Breaking with the leaders who’ve betrayed you is one thing. Warming to those you’ve long vilified is a lot harder. Today’s blast-from-my-past came when the Democratic Party dropped the very sensible Joe Lieberman in favor of the far more leftist Ned Lamont (then a political unknown happy to be known as a leftist, now the governor of Connecticut). I was fed up. I still couldn’t stomach the GOP (and if you think back to what the GOP was in 2006, I can’t say that I’ve warmed towards it), but I was done with the Democrats.
From August 8, 2006: A Declaration for Independents
When in the course of human events it becomes necessary for one person to dissolve the political bands which have connected him with a party and to assume the separate and equal station to which the laws of nature and of nature’s God entitles him, a decent respect to the opinions of mankind requires that he should declare the causes which impel him to the separation.
So much for opening with a rhetorical flourish. I regret that I must now retreat from Jeffersonian oratory into my own peculiar idiom. The sentiment, however, lingers. With this essay, I renounce my longstanding affiliation with the Democratic Party and assume a new position as a proud, politically aware and politically active Independent American Voter.
I write today for two reasons. First, because I have a decent respect for the opinions of those whom I have long considered personal friends and political allies. I believe that I owe them an explanation. I hope that I can keep them as friends, and that someday soon we will again be allies. For the moment, however, too many longstanding allies (thankfully not those whom I count as personal friends) have betrayed the ideals that we claim to share, and I can no longer stand with them. Second, because I hope that some readers of this essay may agree, and join me in my declaration. I express this hope despite knowing full well how small my readership is; perhaps this is the piece that will impel a critical mass to join us.

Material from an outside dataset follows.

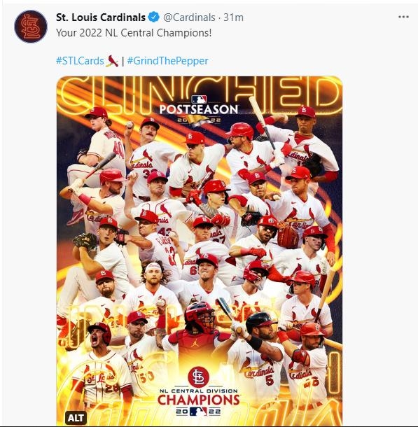 | ▲ 세인트루이스, 3년 만에 NL 중부지구 정상 탈환 [세인트루이스 카디널스 트위터 캡처. 재판매 및 DB금지] |

Qui suis-je? I am a lifelong active Democrat. My earliest “political” memories are of a Fourth Grade spent making McGovern posters to decorate my bedroom. Though still a bit young, I was energized by Carter’s victory in 1976, but recognized his presidency as a failure. In the campaign that bridged the end of my High School years and my entry into College I backed first Ted Kennedy, then John Anderson, and spent much of the 1980s attending anti-Reagan rallies. During the first election in which I was old enough to vote, I did volunteer work for Alan Cranston’s brief candidacy before rallying behind Walter Mondale. I found Mike Dukakis bland but competent, and Bill Clinton exhilarating as both a personality and a policy wonk—not to mention excellent as a President. I was an active volunteer for the Gore 2000 campaign, and even went to Florida to act as a Broward County recount observer. I found the 2004 primary season disturbing, but still fell in line behind John Kerry.
In January 2005, President Bush gave an inaugural speech extolling the importance of liberty and freedom, and committing the U.S. to its promotion abroad wherever the spark existed. Democratic reaction ranged from lukewarm to hostile. The DNC appointed Howard Dean as its Chair. I dropped my party registration and quietly “declined to state” an affiliation. Today I stop being quiet and trumpet that decision proudly.
Why today? Today, August 8, 2006, marks the day of the Connecticut primary, pitting Senator Joseph Lieberman against a challenger, Ned Lamont. As I write these words, the outcome of the race is unknown. But though that outcome may be critical to Lieberman, Lamont, and the people of Connecticut, it is inconsequential to the health of the Democratic Party. The Party has already sustained serious damage, damage that will remain whether Lieberman emerges defeated or merely chastised, and damage that will take a long time to repair. The Democratic Party, already well into its downslide, will get a lot worse before it gets better.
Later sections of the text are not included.